Markets went into Friday freefall with more than $7 trillion wiped off the value of the world's shares, and New Zealand was warned to brace for a global recession.
"It's a done deal," said the ANZ's chief economist. "The credit market has all but closed," according to Russell Investments.
Yesterday, central bank governors from the seven richest nations gathered in Washington DC to hammer out a five-point plan aimed at unfreezing the credit crisis. Led by the United States, the countries pledged to protect major banks, to stimulate credit flow and to support banks in raising money.
In New Zealand, the two contenders for the premiership will today explain their respective plans to fix the economy, in a brief breathing gap before markets reopen tomorrow.
Auckland is the engine-room of the nation's economy, and so it is that the prime ministerial contenders arrive in Auckland today to explain how they will retune that stuttering engine.
At carefully-choreographed election campaign launches, John Key and Helen Clark will try to persuade voters of their financial competence and restraint, as the global sharemarkets plummet to new lows. They were given little cause for optimism.
Friday saw all the major world markets tumble - in London the FTSE fell 381.7 points, or 8.9 per cent, to 3932.1. It was its second-biggest points loss ever, dropping below the 4000 level for the first time in more than five years.
On Wall St, the Dow Jones Industrial Average opened yesterday with an 8 per cent drop.
And at home the NZX50 dropped almost 5 per cent.
Cameron Bagrie, chief economist for ANZ, said: "There is no question now - we are entering a global recession. It's a done deal. For years the thing driving Anglo-Saxon countries has been massive consumption.
"We have an attitude of we want it and we want it now but now people have nothing saved for a rainy day. It's going to be tough but in the long run the economy will be better off.
"It's a readjustment, moving from a borrowing-based wealth to earning it. It will be stronger for it."
Alister Van der Maas, of Russell Investments, said the crises that hit the sub-prime mortgage market last year had now permeated the entire financial sector.
A global recession looked likely, he said.
"But for how long and how bad is another thing?
"No economist can give a steadfast prediction."
He did warn it could potentially hit New Zealand industries hard. "The credit market has all but closed.
"We consume through credit. If credit dries up we can't buy as much. Then that affects suppliers like China. They then have less demand for raw materials and the cycle continues.
"We are a commodity economy. What happens if China decides they don't want as much milk powder?"
The markets are expected to take some comfort from the G7 finance package, in Washington.
But Westpac's chief economist, Brendan O'Donovan, said it would not solve everything overnight.
"Even if authorities stop the current downward spiral the problems are not over."
He argued there was no choice but for Alan Bollard, the Reserve Bank Governor, to decrease the official cash rate at the end of the month.
"Whatever happened has still got a long way to go," O'Donovan added. "The credit markets will reopen but borrowing will be more expensive... Things are happening lightning fast."
At financial planner Moneymax, Liz Koh warned investors against rushing out and selling their shares.
"If you have a house and the market dips down, you don't quickly sell up. You hold on. The same thing applies here. Best strategy is to hold on and wait until its normal again," she said.
"A lot of people have been scared into selling. That's the wrong thing to do. "At times like this you need to be diversified and over the long haul you should be okay."
There were even opportunities to be had for some cashed-up investors.
"The current prices don't reflect shares' real value. They are not necessarily going to bounce back quickly. But over the next three to four years we can expect good growth."
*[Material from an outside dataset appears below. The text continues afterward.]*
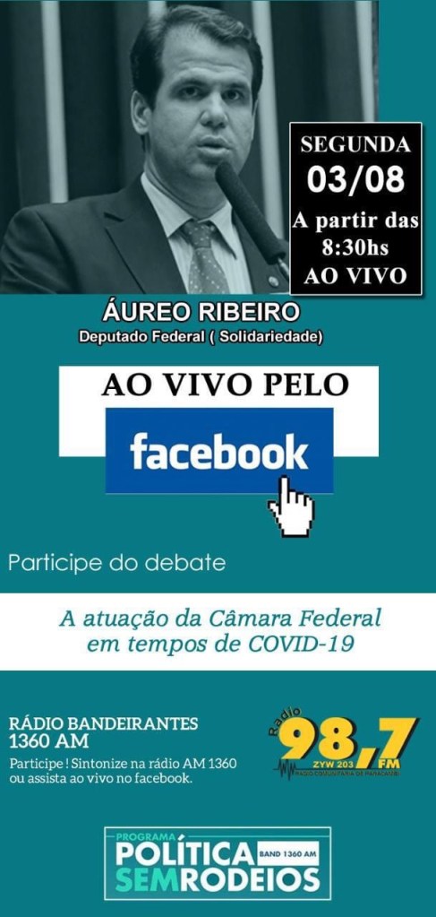 Em nosso próximo programa, desta segunda-feira, dia 03-08, vamos conversar ao vivo com o deputado federal Áureo Ribeiro ( SD ) sobre a atuação da câmara federal em tempos de COVID-19.

As well as Labour and National, the smaller Act and United Future parties are also in Auckland today to kick off their election campaigns and offer their solutions for the economy.
Sir Roger Douglas, the former Labour finance minister whose name became synonymous with the economic reforms of the 1980s, returns to the stage today as a candidate for the Act Party.
He believes John Key is not doing enough to address the crisis, and wants to slash personal and corporate taxes and government spending.
Douglas said his prescription would allow New Zealanders to overtake Australia in the wealth stakes - seen as a pipe dream by most politicians. But Douglas said his policies could increase the average person's income by $500 a week - enough to make us richer than our Australian cousins in 2020.
Aged 70, Douglas would be unlikely to be around long enough to administer the entire course of medication. But he is confident of returning to Parliament and staying for two terms.
He would be 76 when he retired, but pointed out John McCain is even older - and he is running for president of the United States.